Indianapolis acquired quarterback Carson Wentz from the Philadelphia Eagles in exchange for a 2021 third-round pick and conditional 2022 2nd round pick.
The latest move by Colts GM Chris Ballard reunites Wentz with head coach Frank Reich, who served as Wentz’ offensive coordinator in 2016 and 2017.
In 2020, Wentz’ production dipped dramatically from the heights he reached in 2017 with Reich, when he set the foundation for the Eagles Super Bowl championship. With that said, not all the blame for the Eagles struggles should be blamed on the 28-year old QB.
Outside of his horrid 2020 campaign, Wentz has played solid football in his career
In his two seasons with Reich as his offensive coordinator, Wentz completed 61.5% of his passes, threw for 49 touchdowns, and produced an 88.8 quarterback rating.
After Reich left for Indianapolis, Wentz’ seemingly worked with a team filled with backup offensive lineman and third-string receivers. Even still, Wentz led the Eagles to two playoff appearances in three seasons and a division title in 2019.
There is little doubt that the Colts made the right move trading for Wentz, for a number of reasons.
1) The relationship of Frank Reich. If any coach in the league knows about Wentz’ from a physical or mental perspective, it’s Reich. The Colts decision to acquire him affirms fans that Indianapolis has done their due diligence and the reunited pairing has great potential.
2) The upside of Wentz.

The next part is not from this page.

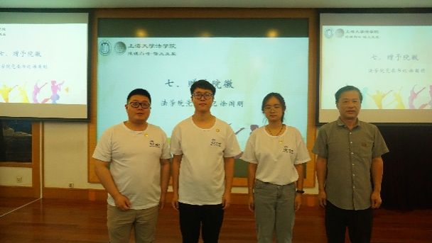 院徽,是我们作为上海大学法学院学生身份的象征,更是对于上海大学法学院精神的承载。在大家激烈的掌声中,党委书记徐国明老师为学生代表赠予了院徽。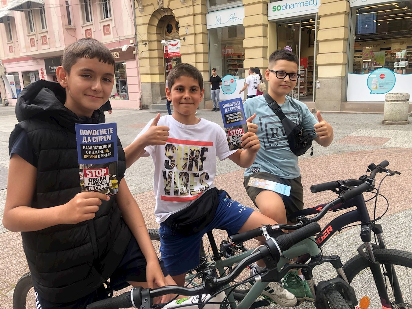 伊维安(Ivian)、莫姆奇尔(Momchil)和乔纳森(Jonathan)今年都是十二岁,他们在信息展位前停下来询问是什么活动,学员向他们介绍了法轮功真相,三个男孩对中共的暴力和残酷感到难以接受,并表示理解法轮功学员讲真相的重要性和深刻内涵。

At just 28 years of age, Wentz’ prime years are still ahead of him.
Of course we cannot erase the 2020 campaign yet objectively, Wentz has been a top-10 quarterback since 2017. After posting the fourth-best quarterback rating in 2017 (101.9), Wentz ranked seventh (102.2) in 2018 and 13th (93.1) in 2019 respectively.
3) Low-risk, high reward. The Colts were considering drafting a franchise quarterback yet possessed the 21st overall pick. By only trading a third rounder, the Colts added a franchise quarterback at a low price tag.

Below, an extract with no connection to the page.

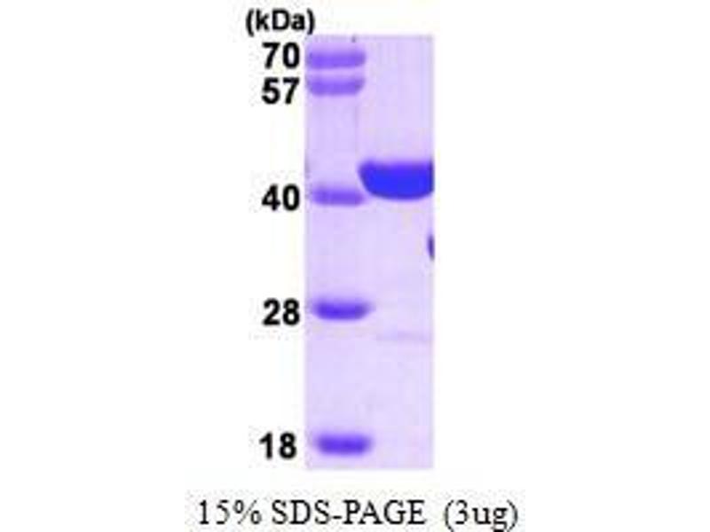 PARP1 is a nuclear DNA-binding zinc finger protein which can exist as a homo- or hetero-dimer, and is strongly activated by DNA strand breaks. This protein involved in chromatin architecture and DNA metabolism, and participates in protein modification to enhance or repress transcription. PARP1 also plays a role in other cellular processes, including cell proliferation and differentiation. PARP-1 deficiencies lead to chromosomal instability due to higher frequencies of chromosome fusions and aneuploidy, suggesting that poly(ADPribosyl)ation contributes to the efficient maintenance of genome integrity. Recombinant PARP1 protein was expressed in E. coli and purified by using conventional chromatography techniques. Alternative Names: PARP1 protein, Poly (ADP-ribose) polymerase family protein, NAD(+) ADP ribosyltransferase 1 protein, member 1 ADP ribosyltransferase (NAD+ protein, pADPRT-1 protein, sPARP1., PARP-1 protein, PPOL protein, Poly[ADP ribose] synthetase 1 protein, ADPRT1 protein, poly(ADP ribose) synthetase protein, Poly (ADP ribose) polymerase 1 protein, poly(ADP ribosyl)transferase protein, ADPRT 1 protein, PARP 1 protein, ADPRT protein, poly (ADP ribose) polymerase) protein, PARP 1, PARP1, sPARP 1 protein, msPARP protein, pADPRT protein, PARP protein, pADPRT 1 protein, PARP 1 protein, PARP-1, PARP-1 protein

The Eagles will carry Wentz’ $33.8 million cap hit in 2021 as the Colts will only possess a $25.4 million cap hit. (For reference, recently retired Phillip Rivers carried a $25 million cap hit in 2020.

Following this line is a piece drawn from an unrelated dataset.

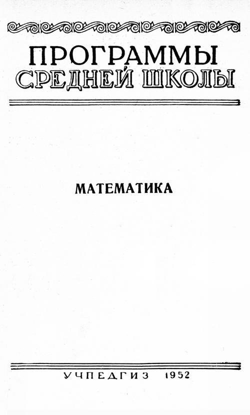 Программы средней школы. Математика. — 1938  Программы средней школы. Математика. Дополнительное издание. — М. : Наркомпрос РСФСР, 1938. — 22 с. Программы средней школы. Математика. — 1939  Программы средней школы. Математика / [ред. С. С. Бронштейн]. — М. : Наркомпрос РСФСР, 1939. — 22 с. Программы средней школы. Математика. — 1940  Программы средней школы. Математика. — М. : Наркомпрос РСФСР, 1940. — 22 с. Программы средней школы. Математика. — 1942  Программы средней школы. Математика / Упр. начальных и средних школ НКП РСФСР. — М. : Наркомпрос РСФСР, 1942. — 20 с. Программы средней школы. Математика. — 1943  Программы средней школы. Математика / Упр. начальных и средних школ НКП РСФСР. — М. : Наркомпрос РСФСР, 1943. — 16 с. Программы средней школы. Математика. — 1944  Программы средней школы. Математика. — М. : Наркомпрос РСФСР, 1944. — 19 с. Программы средней школы. Математика. — 1946  Программы средней школы. Математика. — М. : Учпедгиз, 1946. — 19 с. Программы средней школы. Математика. — 1947  Программы средней школы. Математика. — М. : Наркомпрос РСФСР, 1947. — 19 с. Программы средней школы. Математика. — 1948  Программы средней школы. Математика / Упр. школ М-ва просвещения РСФСР. — М. : Учпедгиз, 1948. — 30 с. Программы средней школы. Математика. — 1949  Программы средней школы. Математика / Упр. школ М-ва просвещения РСФСР. — М. : Учпедгиз, 1949. — 28 с. Программы средней школы. Математика. — 1950  Программы средней школы. Математика / Упр. школ М-ва просвещения РСФСР. — М. : Учпедгиз, 1950. — 30 с. Программы средней школы. Математика. — 1951  Программы средней школы. Математика / Упр. школ М-ва просвещения РСФСР. — М. : Учпедгиз, 1951. — 30 с. Программы средней школы. Математика. — 1952  Программы средней школы. Математика / Упр. школ М-ва просвещения РСФСР. — М. : Учпедгиз, 1952. — 30 с.

With four year remaining on Wentz’ contract, the Colts will not eclipse $26 million against the cap and have the option to part ways after 2022.
Not only has Indianapolis secured their starting quarterback for the foreseeable future, they still possess the 21st overall pick and can fill the void left behind by tackle Anthony Castonzo. The Colts have the 50th overall pick as well.
All subjectivity aside, the new change of scenery for Wentz gives him the opportunity to regain his footing in a league where he nearly secured an MVP trophy. The conditional 2022 second rounder would become a first-rounder if Wentz plays in 75% of the snaps next season or he plays in 70% of snaps and the Colts make the playoffs. Indianapolis would only lose the first-round selection if Wentz is healthy or if they make the playoffs, which is a great move in favor of the Colts.
The Colts became a better team today and Indy fans should be hopeful, if not eager, for the 2021 season.